**WORK TASK**
Repeat the data in full. Drop every picture.

DATA BELOW section start

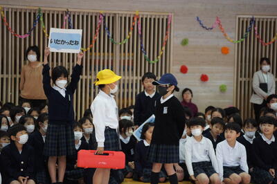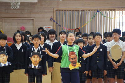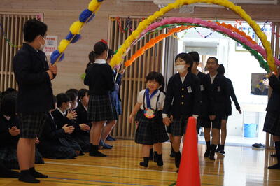 1年生を迎える会が行われました。各学年から、ダンスや歌、劇などの出し物が披露され、1年生は大喜びでした。1年生も大きな声で「1年生になったら」の歌を届けました。学校のみんなで仲良くしていきたいです。
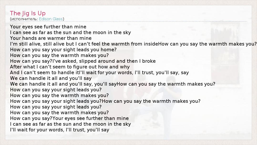 А как ты думаешь, о чем песня "The Jig Is Up" ?
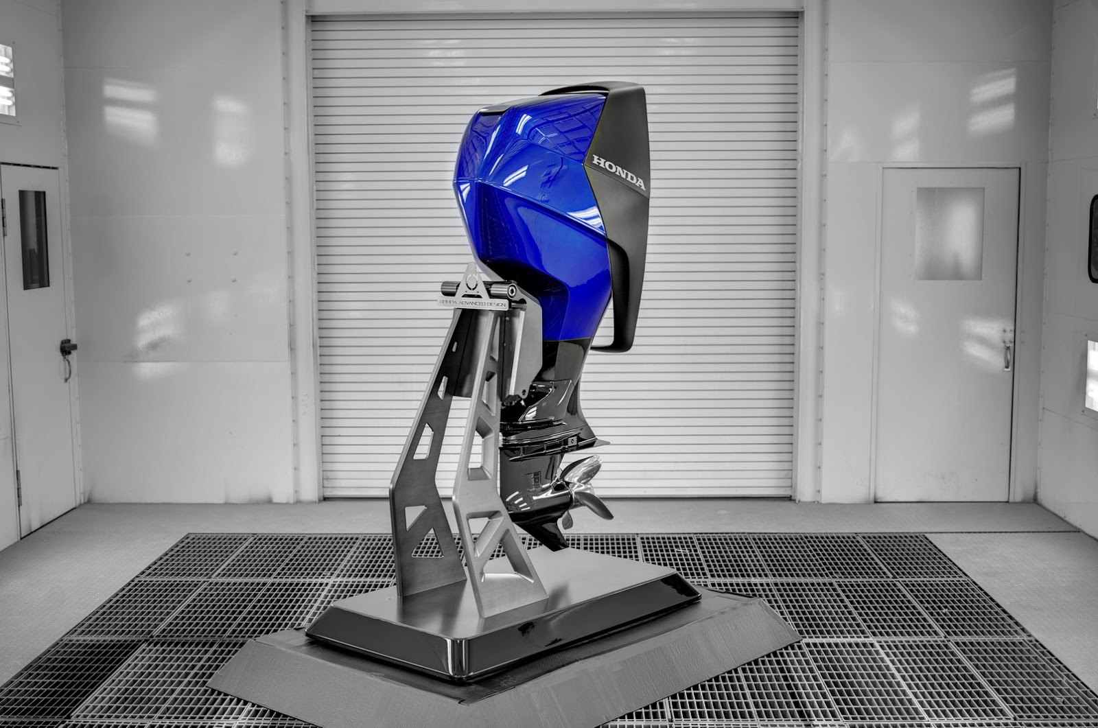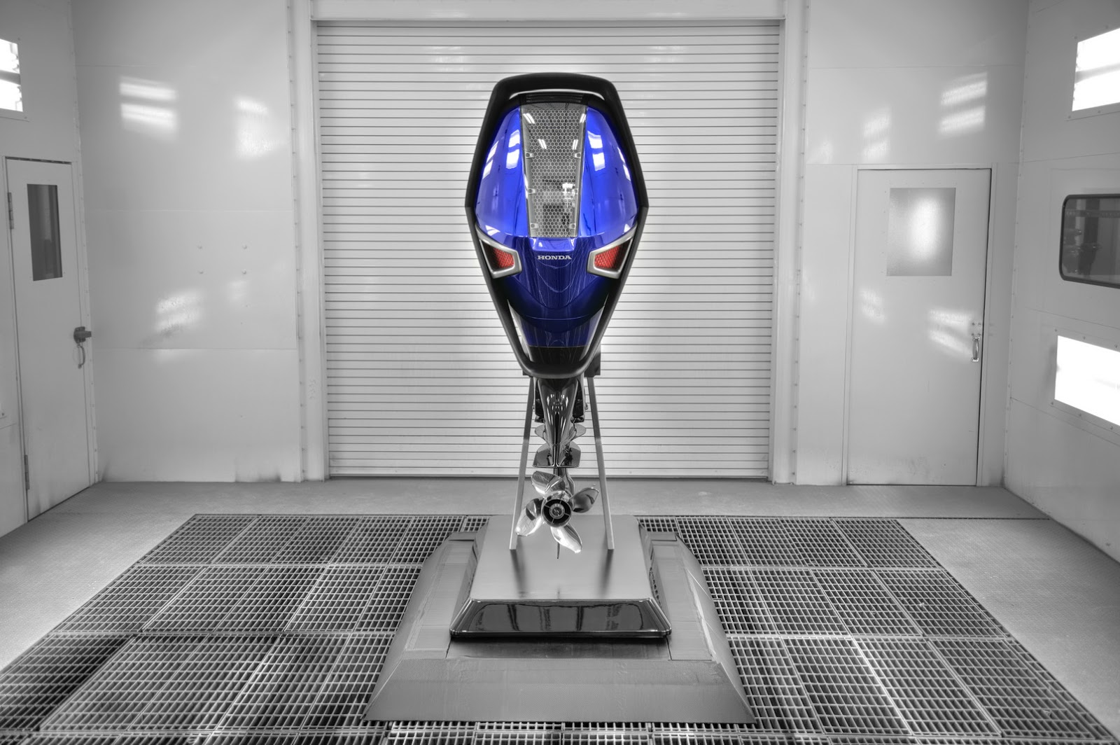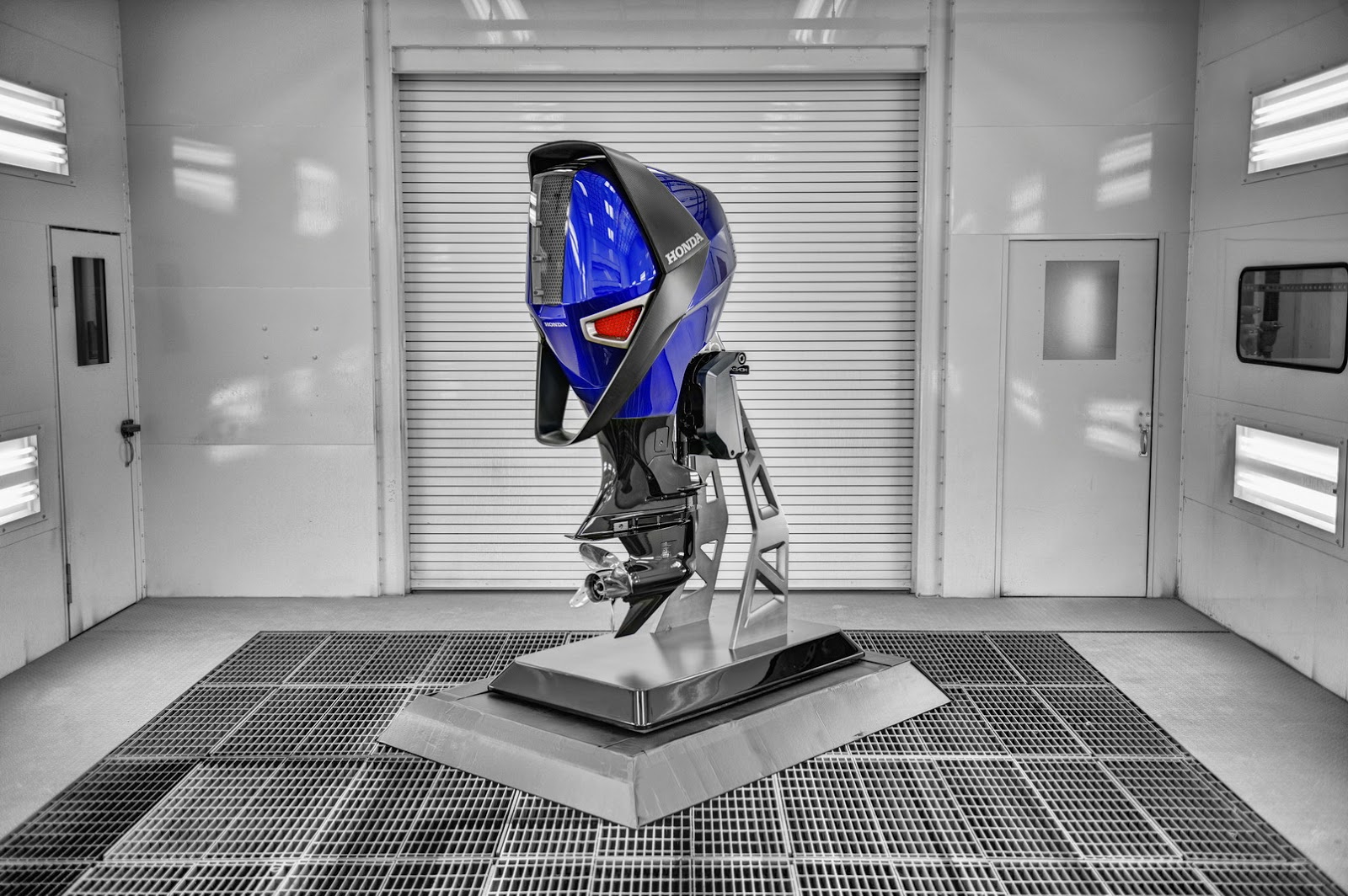 NSX references on the taller than usual outboard include the heat ducts with an interwoven design with black honeycomb mesh, a floating winged blade and the Nouvelle Blue Pearl color – though Honda pointed out that it could be painted in any shade.

DATA BELOW section end

**EXERCISE SOLUTION**
 1年生を迎える会が行われました。各学年から、ダンスや歌、劇などの出し物が披露され、1年生は大喜びでした。1年生も大きな声で「1年生になったら」の歌を届けました。学校のみんなで仲良くしていきたいです。
 А как ты думаешь, о чем песня "The Jig Is Up" ?
 NSX references on the taller than usual outboard include the heat ducts with an interwoven design with black honeycomb mesh, a floating winged blade and the Nouvelle Blue Pearl color – though Honda pointed out that it could be painted in any shade.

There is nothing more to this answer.